With oil prices at all-time highs, the government has chosen to go forward with deregulation in the oil sector and has requested the Oil & Gas Regulatory Authority (Ogra) to figure out the specifics in collaboration with oil refineries and marketing firms.
Dawn was told by a high-ranking government official that to increase competition and efficiency, the government has requested Ogra to work out the details of a plan to deregulate the oil industry.
Thirteen percent of the country’s energy needs are met by oil. Not a single refinery has been built in over ten years, even though there is a profitable market there. In a similar vein, refineries that already exist have not been kept up to date with the most recent innovations in the industry.

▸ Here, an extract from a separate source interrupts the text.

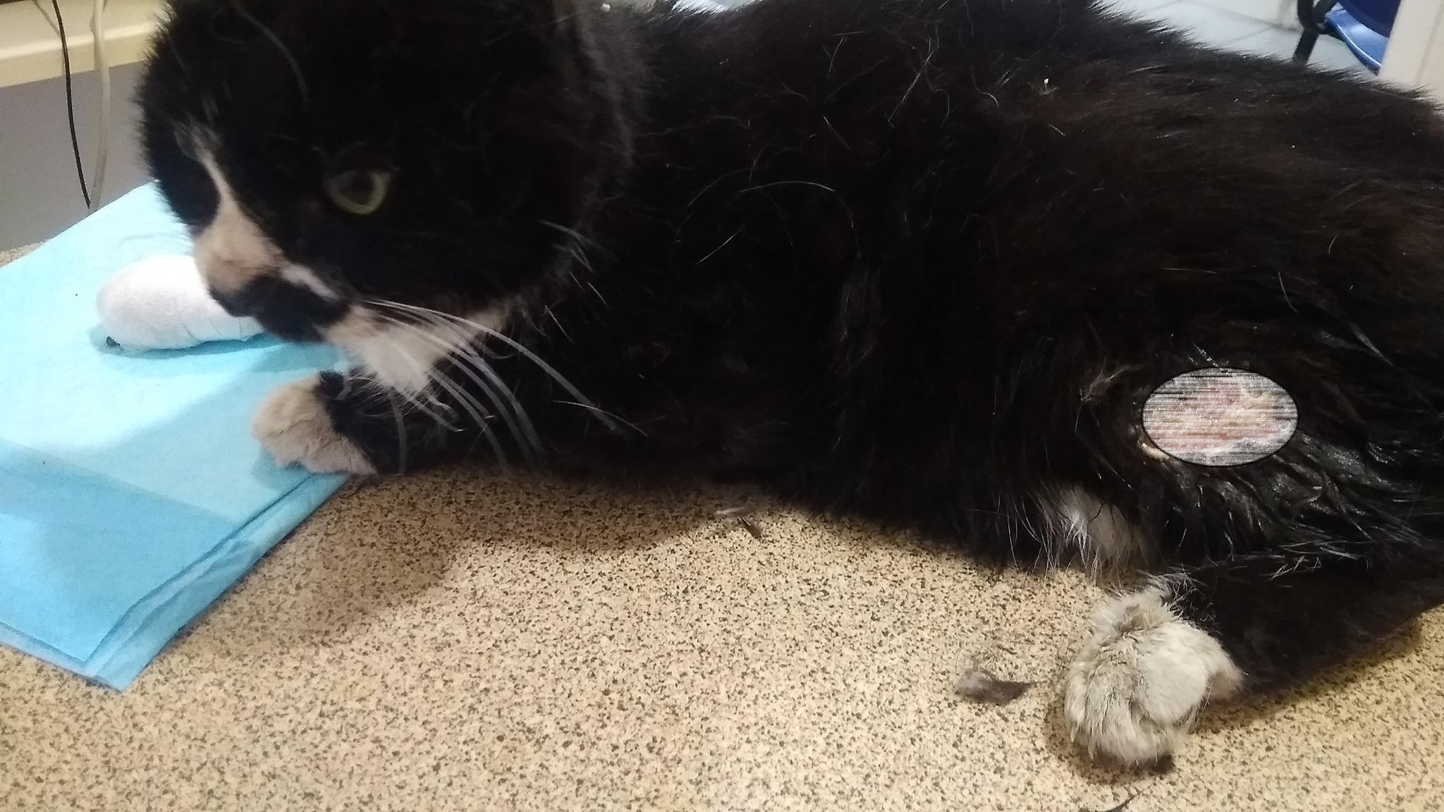 “Запорожье.Новости по котику с Дорошенко не радостные. Хозяина так и не нашли,Васька так его назвали ребята которые нашли не выпадал из окна!!!Он стал жертвой садистов. Васька весь в ожогах. Кот терпел ужасную боль, как не умер от болевого шока просто чудо. Были в нескольких клиниках. Итог трещина нёба, кот не кушает от боли, ротик обожжен,ушко некрозное (кусочек ушка отпадет) множественные ожоги лап и туловища. Сегодня в Фауне с Иваном Сергеевичем снимали некрозную ткань, Васенька даже не пикнул, терпел как взрослый мужчинка”, – рассказывает в Фейсбук Ирина.

Despite more than half of its supply being based on well-documented domestic production, the government and the regulator have been fighting to maintain competition and efficiency in the much smaller section of the petroleum sector—liquefied petroleum gas (LPG)—for the past two decades.
Ogra “gave orders to the Chief Secretaries and district authorities to ensure that LPG is supplied at prices declared by Ogra on September 1,” a statement said on Monday. The pricing for producers is Rs 2,013 per 11.8 kg cylinder, while the prices for consumers are Rs2,496.
In contrast, the market price of the product varied from Rs2,700 to Rs3,000 per cylinder, and it is steadily increasing due to the increased demand caused by donors for flood victims and the normal winter necessities.
LPG plants and distributors were also “directed to display the LPG selling price on gate/passes and receipts for convenience of the general public,” Ogra said, citing the LPG Production and Distribution Rules 2001, the Petroleum Products (Petroleum Levy) Ordinance 1961, and other applicable laws.
According to a government official, after the liberalization of gasoline prices, Ogra will be free to issue such letters with little fear of retaliation.
On September 7, the regulator convened a meeting of all the refineries, marketing businesses, and marketing associations, including the now-defunct Oil Companies Advisory Council (OCAC) and its lesser counterpart, the Oil Marketing Association of Pakistan (OMAP).
Officials added that all relevant parties had been called to present on the topic of “Deregulation of the Oil Sector,” which would include the refining and marketing industries.
They claimed that allowing private corporations to set oil prices and distribute them at retail would be the result of deregulation.
Instead of attempting to get distribution profits from the government, these businesses would be free to establish pricing based on market forces alone.
Experts in the retail oil marketing industry believe that deregulation would result in the elimination of the standardized ex-depot price established by the government across the country via the inland freight equalization margin.
In cities with a refining base, such as Karachi, Multan, and Rawalpindi, retail costs may decrease by Rs2–3 per liter, while prices in rural and far-flung places may increase by Rs6–8 per liter.
Even though the government and the regulator are working hard to protect urban consumers through surveillance and monitoring, their reach and effectiveness are limited by experience.
As a result, rural consumers will be largely at the mercy of retailers who begin suffering in the form of black-marketing ahead of increasing price trends and widespread adulteration.
Mahnur is MS(development Studies)Student at NUST University, completed BS Hons in Eng Literature. Content Writer, Policy analyst, Climate Change specialist, Teacher, HR Recruiter.